◆ **Work instructions**: No pictures should appear. The lines from the beginning of the listing through the one holding "和iOS 9的Spotlight界面相比,EMUI 4.1在这个界面顶部多做了个华为" must be reproduced exactly, and nothing more.

◆ **Data to examine**:
————
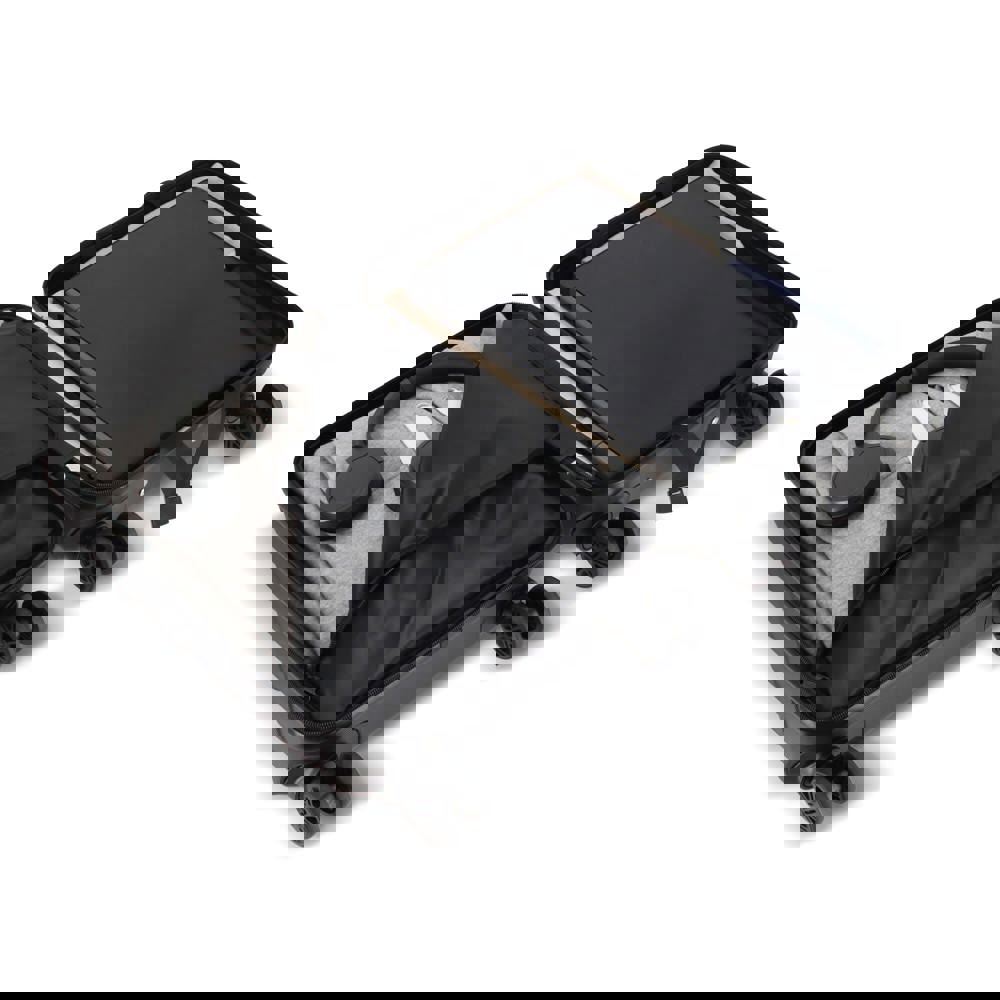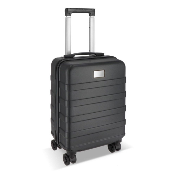 Dieser Kabinentrolley vereint Stauraum und Benutzerfreundlichkeit. Er passt in die meisten Flugzeugfächer und hält wichtige Utensilien griffbereit. Mit vier Lenkrollen, Zahlenschloss und Handyhalterung im Griff macht er das Warten am Flughafen, Bahnhof oder Bahnsteig deutlich angenehmer.
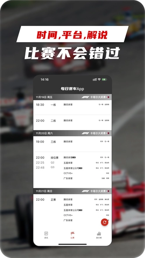 1. 从专业视角出发,为用户提供专业且权威的赛事与赛车资讯。
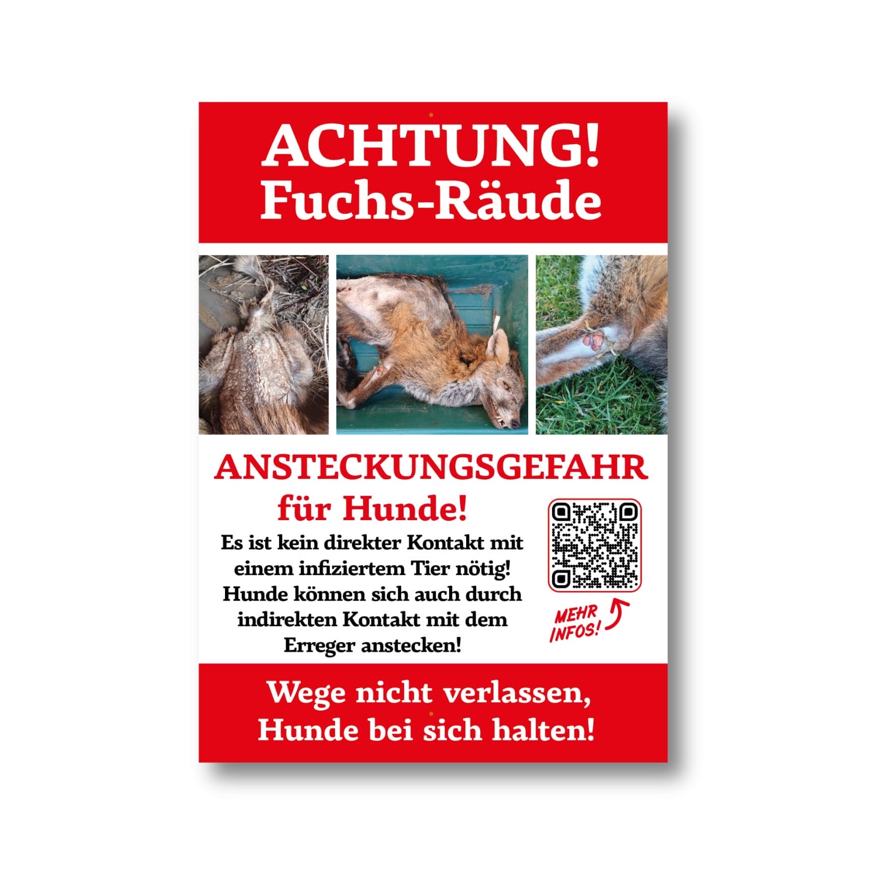 Zusätzlich ist ein QR-Code integriert, der direkt zu unserem Blog führt, wo die Problematik der Fuchsräude ausführlich erklärt wird – so erhalten Passanten verlässliche und leicht verständliche Informationen.
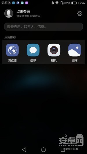 和iOS 9的Spotlight界面相比,EMUI 4.1在这个界面顶部多做了个华为 账号登陆系统,不过其他方面和下滑呼出的全局搜索功能一样,除了应用建议外没有新功能的加入,相信在未来的版本中华为会针对这个界面做进一步的改善。
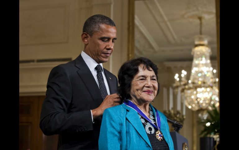 Internacional | Barack Obama entregó el reconocimiento a la activista hispana Recibe Dolores Huerta Medalla de la Libertad Barack Obama entregó el reconocimiento a la activista hispana, junto a otros 12 destacados estadunidenses Por: NTX 29 de mayo de 2012 - 16:11 hs El presidente de EU, Barack Obama, entrega la Medalla de la Libertad a Dolores Huerta. EFE / WASHINGTON, ESTADOS UNIDOS (29/MAY/2012).- La activista social Dolores Huerta recibió hoy de manos del presidente Barack Obama la Medalla de la Libertad, junto a otros 12 destacados estadunidenses, entre ellos diplomáticos, estrellas de la música y una premio Nobel de Literatura. El mandatario calificó a Huerta, al igual que a la poetisa y premio Nobel de la Literatura 1993 Toni Morrison, y al músico Bob Dylan, como tres personas que impactaron de manera particular su vida. "Cada uno en este grupo ha marcado mi vida de una manera profunda", dijo Obama al terminar la presentación de cada uno de los 13 honrados con la máxima presea que el gobierno confiere a un civil. Recordó que años atrás, en Chicago, antes de ingresar a la carrera política, "pensé en Dolores Huerta leyendo sobre ella cuando me inicié como organizador (social)". En 2008, durante su campaña presidencial, "ella fue bastante generosa cuando le dije que había robado su eslogan 'Sí se puede' (Yes we can), y conociéndola, me complace que no me reclamara". Minutos después, la consigna resonó en el Salón Oeste de la Casa Blanca, cuando uno de los nueve hijos de la activista presentes en la ceremonia exclamó: "¡Sí se puede!", en el momento en que Obama impuso la condecoración a la mujer. Huerta, una de las más reconocidas activistas del movimiento chicano, colaboró con el líder César Chávez, quien en 1994 fue honrado por el presidente William Clinton con la medalla de manera póstuma. En 1962, Chávez y Huerta fundaron en California el Sindicato de Trabajadores Agrícolas (UFWA, por sus siglas en inglés) para defender los derechos de los trabajadores en los cultivos de uva en ese estado. En 1998, el entonces presidente Clinton ya había distinguido a Huerta con el Premio Eleanor Roosevelt de los Derechos Humanos. La anterior hispana en ser honrada con la Medalla de la Libertad fue la actriz y bailarina puertorriqueña Chita Rivera, quien la recibió en 2009 de manos del presidente Obama. Junto con Huerta, Dylan y Morrison, fueron galardonados la ex secretaria de Estado Madeleine Albrigth, el ex magistrado de la Suprema Corte de Justicia John Paul Stevens, y el ex astronauta y ex senador demócrata John Glen. También fueron galardonados el abogado John Doar, el médico epidemiólogo William Foege, quien descubrió la vacuna contra la viruela; la entrenadora de basquetbol Pat Summit, y el presidente de Israel Shimon Peres, quien no estuvo presente. Tres nominados más, Gordon Hirabayashi, Jan Karsi y Juliette Gordon Low, fundadora de la Sociedad de las Niñas Exploradoras, fueron honrados con esta medalla de manera póstuma. Temas Norte América Estados Unidos Premios Barack Obama Lee También México y Estados Unidos refuerzan cooperación en seguridad fronteriza ¿Tormenta "Sonia" afectará a Jalisco en los próximos días? Ebrard buscará evitar imposición de aranceles en su visita a EU SAT: ¿Cómo saber si hay servicio tras el paro de trabajadores? Recibe las últimas noticias en tu e-mail Todo lo que necesitas saber para comenzar tu día Registrarse implica aceptar los Términos y Condiciones
————
◆ **Exercise response**:
 Dieser Kabinentrolley vereint Stauraum und Benutzerfreundlichkeit. Er passt in die meisten Flugzeugfächer und hält wichtige Utensilien griffbereit. Mit vier Lenkrollen, Zahlenschloss und Handyhalterung im Griff macht er das Warten am Flughafen, Bahnhof oder Bahnsteig deutlich angenehmer.
 1. 从专业视角出发,为用户提供专业且权威的赛事与赛车资讯。
 Zusätzlich ist ein QR-Code integriert, der direkt zu unserem Blog führt, wo die Problematik der Fuchsräude ausführlich erklärt wird – so erhalten Passanten verlässliche und leicht verständliche Informationen.
 和iOS 9的Spotlight界面相比,EMUI 4.1在这个界面顶部多做了个华为 账号登陆系统,不过其他方面和下滑呼出的全局搜索功能一样,除了应用建议外没有新功能的加入,相信在未来的版本中华为会针对这个界面做进一步的改善。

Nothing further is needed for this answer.